[[ Information shown, beginning ]]

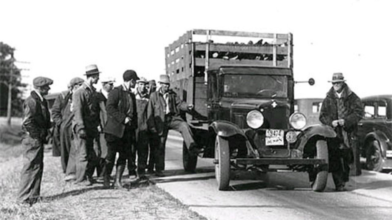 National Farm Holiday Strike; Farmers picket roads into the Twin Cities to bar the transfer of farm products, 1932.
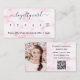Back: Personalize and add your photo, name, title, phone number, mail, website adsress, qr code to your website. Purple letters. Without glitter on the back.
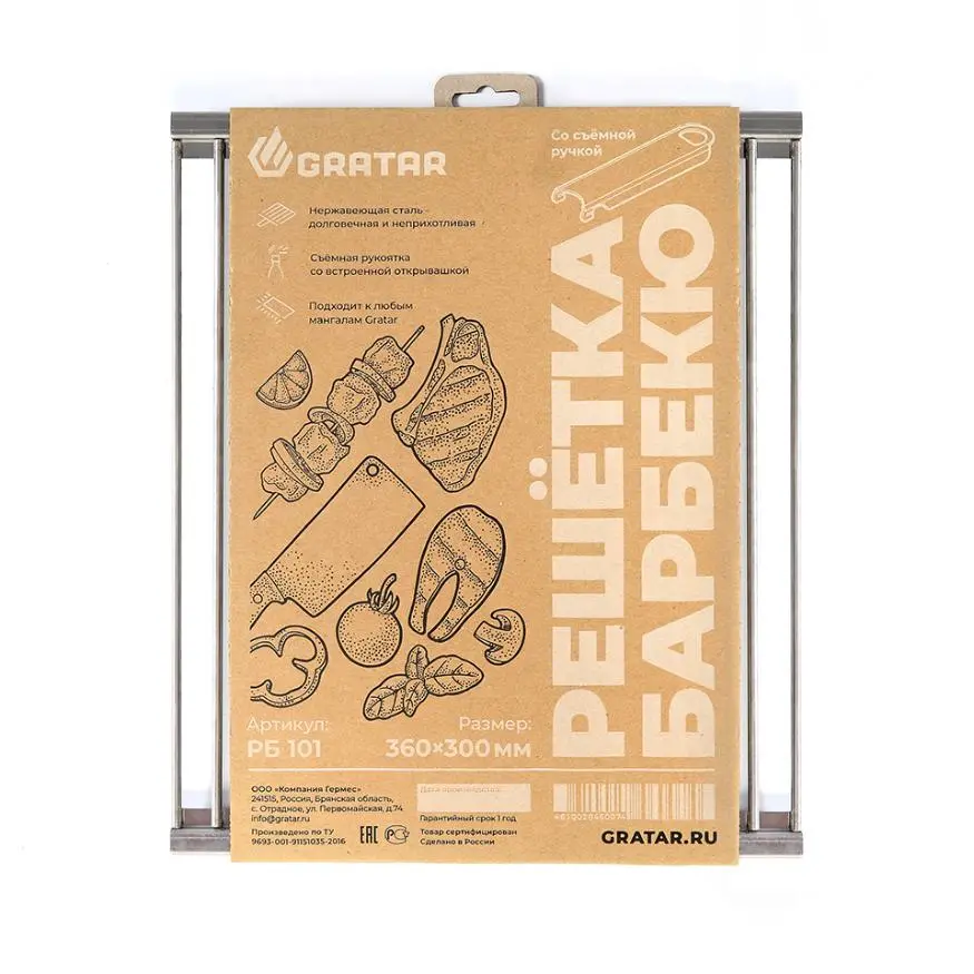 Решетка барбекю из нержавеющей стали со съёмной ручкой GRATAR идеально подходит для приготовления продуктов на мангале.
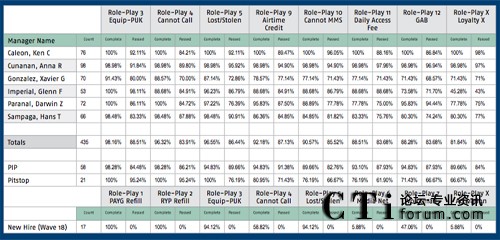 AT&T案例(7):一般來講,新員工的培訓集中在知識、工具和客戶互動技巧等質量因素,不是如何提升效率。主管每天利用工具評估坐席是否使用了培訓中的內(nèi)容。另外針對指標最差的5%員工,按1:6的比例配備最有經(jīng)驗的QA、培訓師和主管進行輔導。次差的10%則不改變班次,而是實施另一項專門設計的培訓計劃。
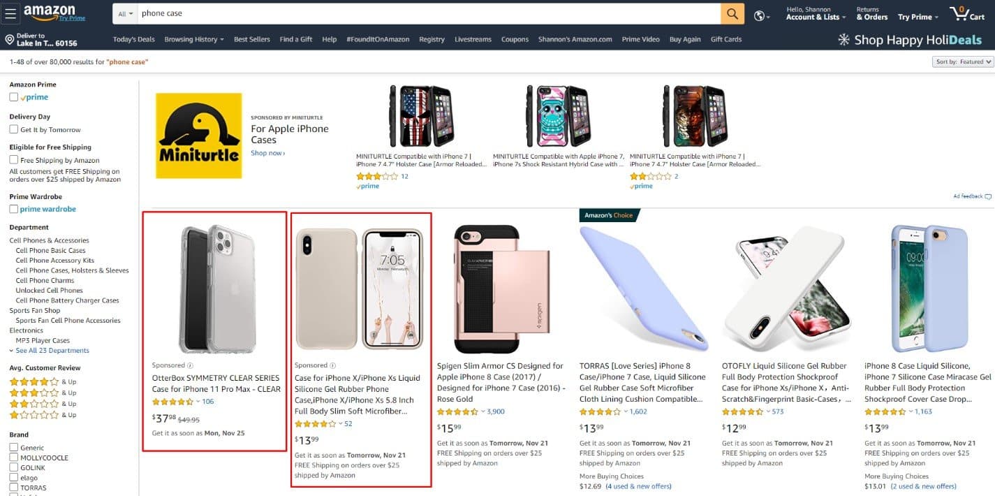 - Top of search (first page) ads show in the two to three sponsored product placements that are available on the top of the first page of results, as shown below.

[[ Information shown, end ]]
[[ Information shown, beginning ]]

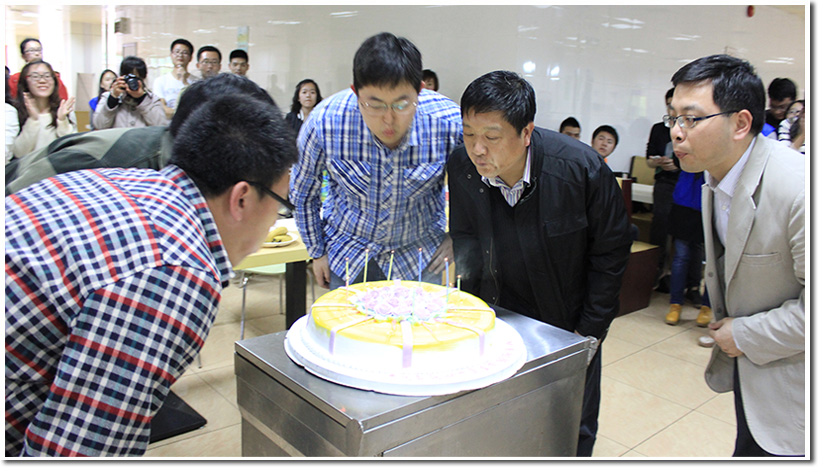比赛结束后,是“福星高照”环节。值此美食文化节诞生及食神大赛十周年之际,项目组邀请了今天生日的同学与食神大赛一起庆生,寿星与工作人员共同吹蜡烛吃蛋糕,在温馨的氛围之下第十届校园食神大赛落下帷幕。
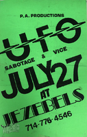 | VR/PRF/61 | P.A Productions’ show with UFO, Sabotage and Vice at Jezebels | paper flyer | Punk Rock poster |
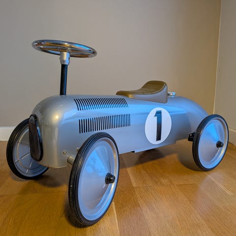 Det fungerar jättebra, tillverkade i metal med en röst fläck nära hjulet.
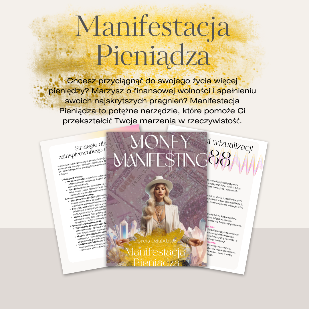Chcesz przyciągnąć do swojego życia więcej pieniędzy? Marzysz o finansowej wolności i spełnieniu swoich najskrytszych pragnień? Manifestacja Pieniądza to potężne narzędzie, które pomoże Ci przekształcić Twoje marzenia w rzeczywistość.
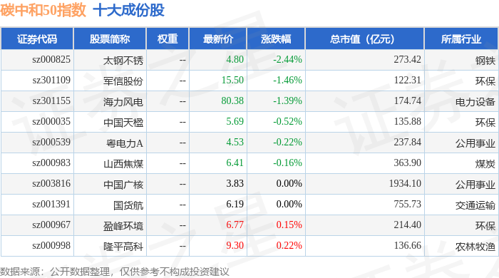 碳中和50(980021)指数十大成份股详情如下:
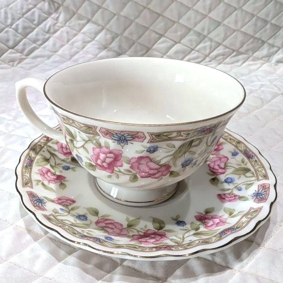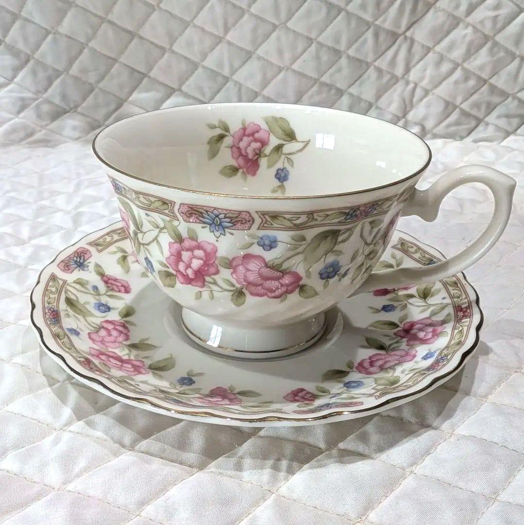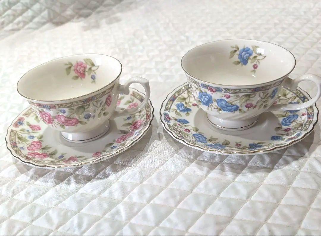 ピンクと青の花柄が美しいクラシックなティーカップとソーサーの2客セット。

[[ Information shown, end ]]

What to work on: Using the data above, output the line that has "National Farm Holiday", the line that has "- Top of search", and whatever lines fall between, each exactly as it stands and without pictures.

Exercise answer:
 National Farm Holiday Strike; Farmers picket roads into the Twin Cities to bar the transfer of farm products, 1932.
Back: Personalize and add your photo, name, title, phone number, mail, website adsress, qr code to your website. Purple letters. Without glitter on the back.
 Решетка барбекю из нержавеющей стали со съёмной ручкой GRATAR идеально подходит для приготовления продуктов на мангале.
 AT&T案例(7):一般來講,新員工的培訓集中在知識、工具和客戶互動技巧等質量因素,不是如何提升效率。主管每天利用工具評估坐席是否使用了培訓中的內(nèi)容。另外針對指標最差的5%員工,按1:6的比例配備最有經(jīng)驗的QA、培訓師和主管進行輔導。次差的10%則不改變班次,而是實施另一項專門設計的培訓計劃。
 - Top of search (first page) ads show in the two to three sponsored product placements that are available on the top of the first page of results, as shown below.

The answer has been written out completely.